Pakistan may close several institutions if privatization fails

Pakistan may close several institutions if privatization fails

The federal government’s main goal is to privatize several institutions, with the backup plan to shut them down if privatization doesn’t work.

A plan has been prepared to privatize various organizations as part of the government’s efforts to streamline operations. The Prime Minister has asked the Ministry of Privatization and Industry to handle this process.

Institutions identified for privatization include the Pakistan Stone Development Company, Pakistan Automobile Corporation, Pakistan Institute of Management, Khadi Crafts Development Company, Agro-Food Processing Company, Leather Crafts Development Company, and Morafik Industries.

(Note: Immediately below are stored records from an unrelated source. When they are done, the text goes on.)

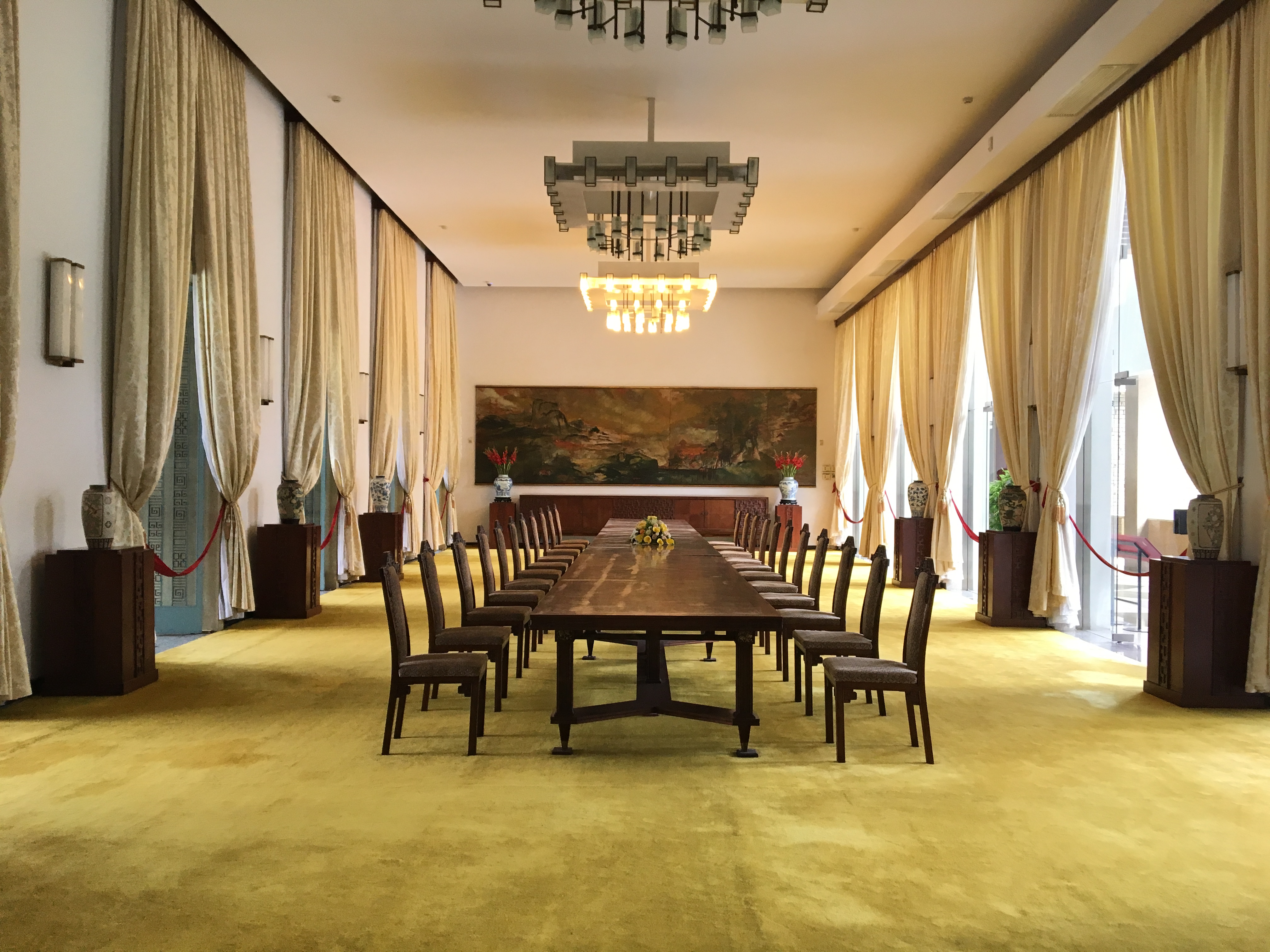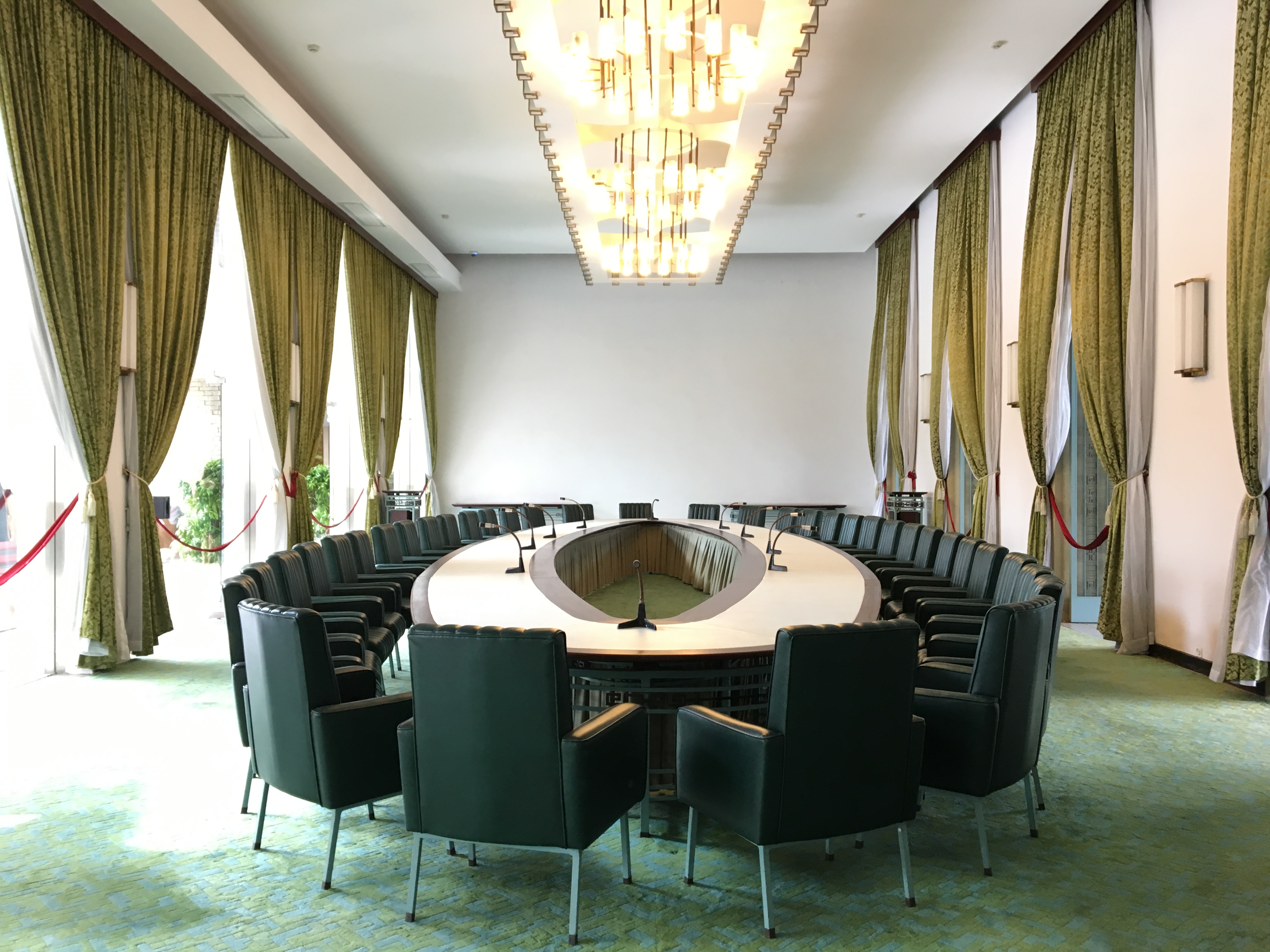ພິເສດ ໃນທຳນຽບເອກະລາດ ມີຫລາຍຫ້ອງໄດ້ຮັບການປະດັບປະດາຕາມສະຖາປັດຕະຍະກຳທີ່ແຕກຕ່າງກັນ ອີງຕາມຈຸດປະສົງຂອງການນຳໃຊ້. ໃນພາບດັ່ງກ່າວແມ່ນຫ້ອງປະຊຸມຄະນະລັດຖະບານຂອງລະບອບເກົ່າ.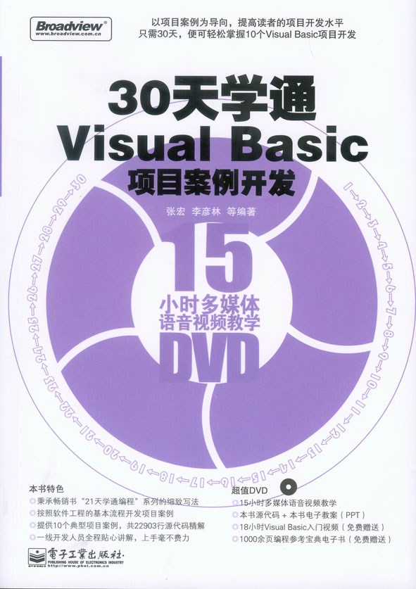 本书配有15个小时的手把手视频教学课件,大大降低了读者的学习难度。(1)实战性强,本书选用的实例都是非常经典的,具有很强的实战性;(2)技术全面,本书的10个实例应用了VB界面设计技术、ADOX技术、数据库访问技术、多媒体技术等主流技术;(3)采用面向对象的思想,本书的每个实例都采用面向对象的思想进行设计开发。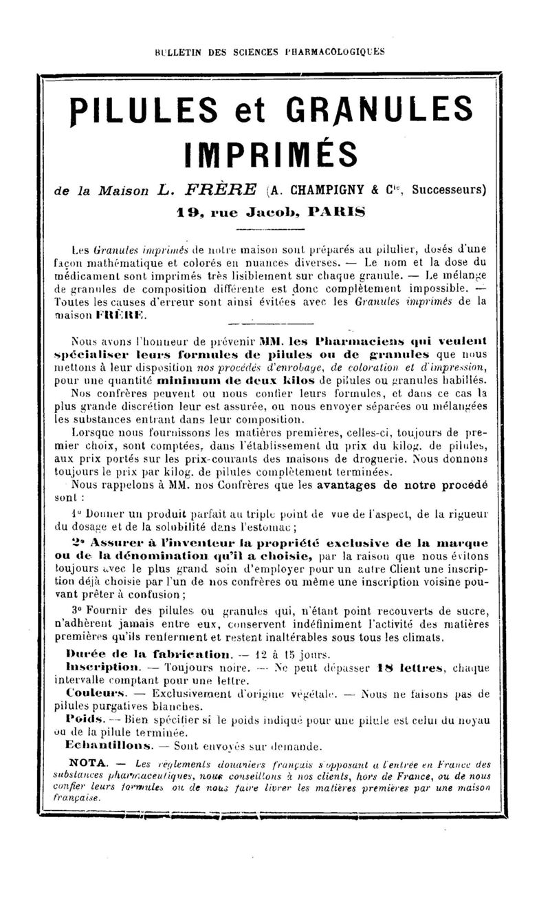 Bulletin des sciences pharmacologiques : organe scientifique et professionnel [Annexes : partie professionnelle et commerciale]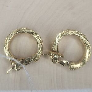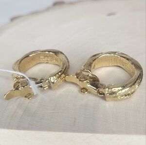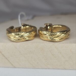 Vintage 1980s Trifari Gold Tone Textured Braided Clip-On Hoop Earrings EUC 3/4"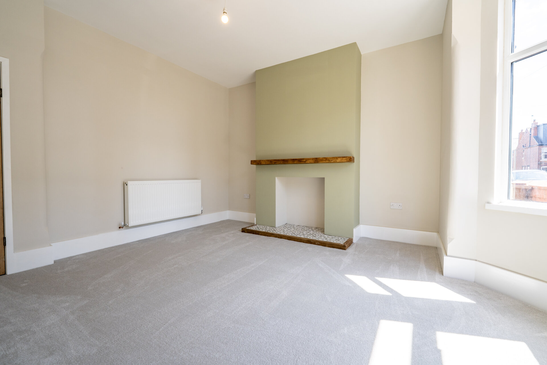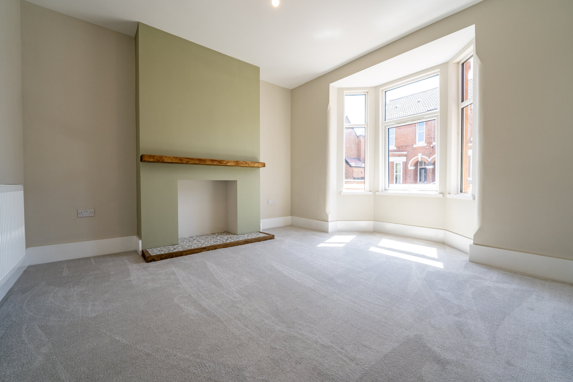 UPVC double glazed bay window to the front, feature fireplace, radiator.

Other entities, like the Southern Punjab Embroidery Industry and Gujranwala Business Center, are also part of this list.

In addition, the Pakistan Chemical and Energy Sector Skills Development Company and the Spin Yarn Research and Development Company are set for privatization.

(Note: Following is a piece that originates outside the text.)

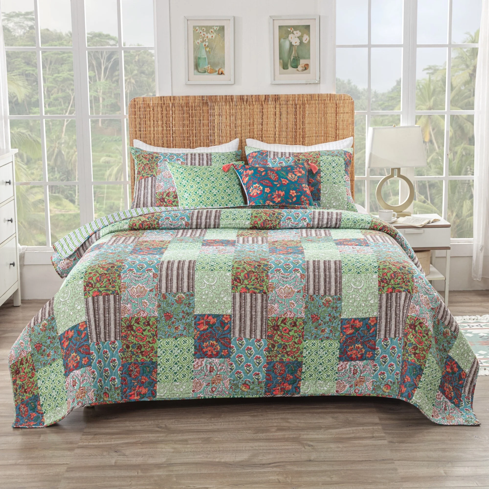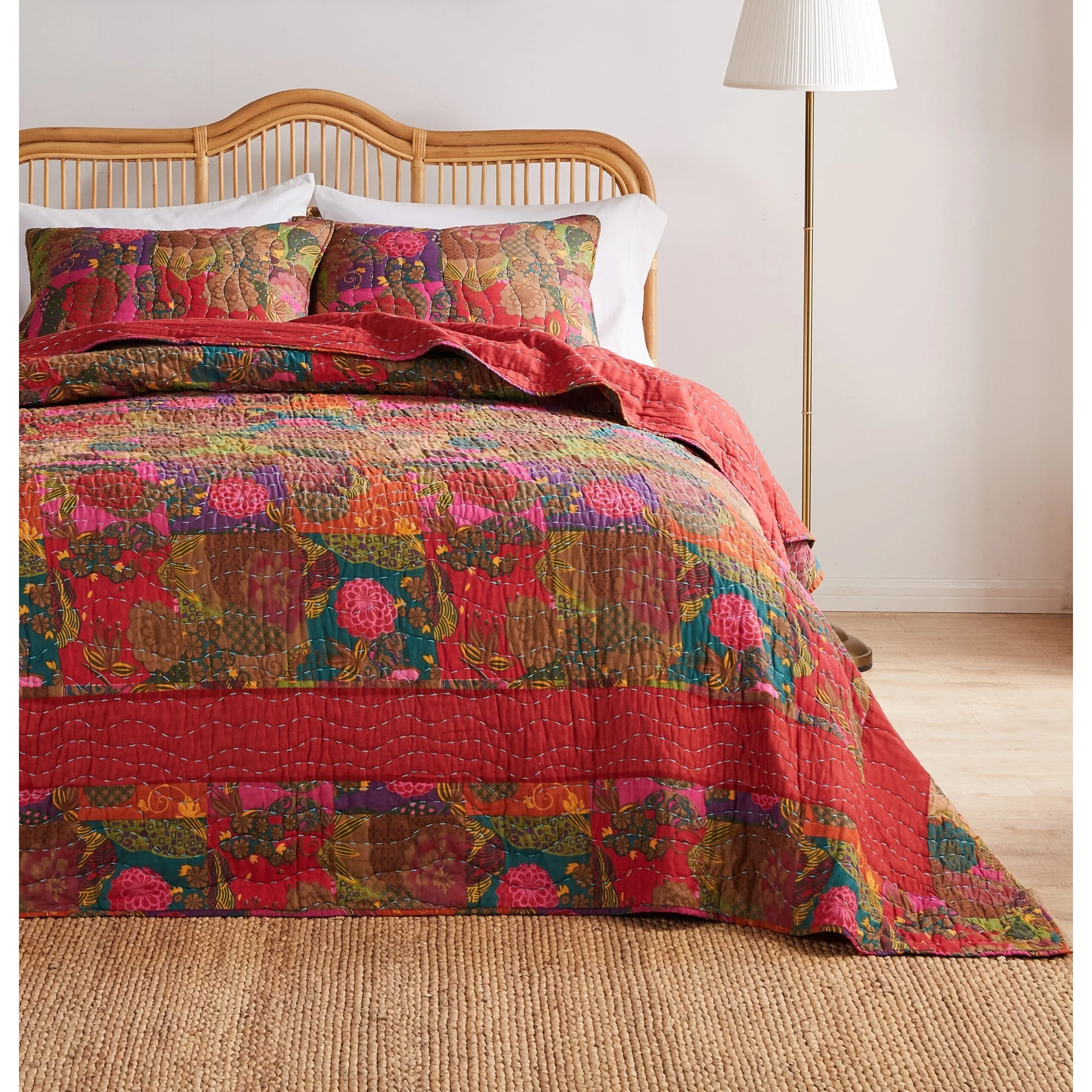 Coverlet Set: Red, Sheet Set: White - Queen

Previously, the federal cabinet approved privatizing two departments under the Petroleum Division: the Pakistan Mineral Development Corporation and Saindak Metals Limited (SML). ENAR Petrotech Services Pvt Ltd, another department under the Petroleum Division, will be dissolved.

However, the government has not yet decided what to do with other departments in the Petroleum Division, such as Pakistan State Oil (PSO), Pak-Arab Refinery Limited, and the Sui Gas Companies.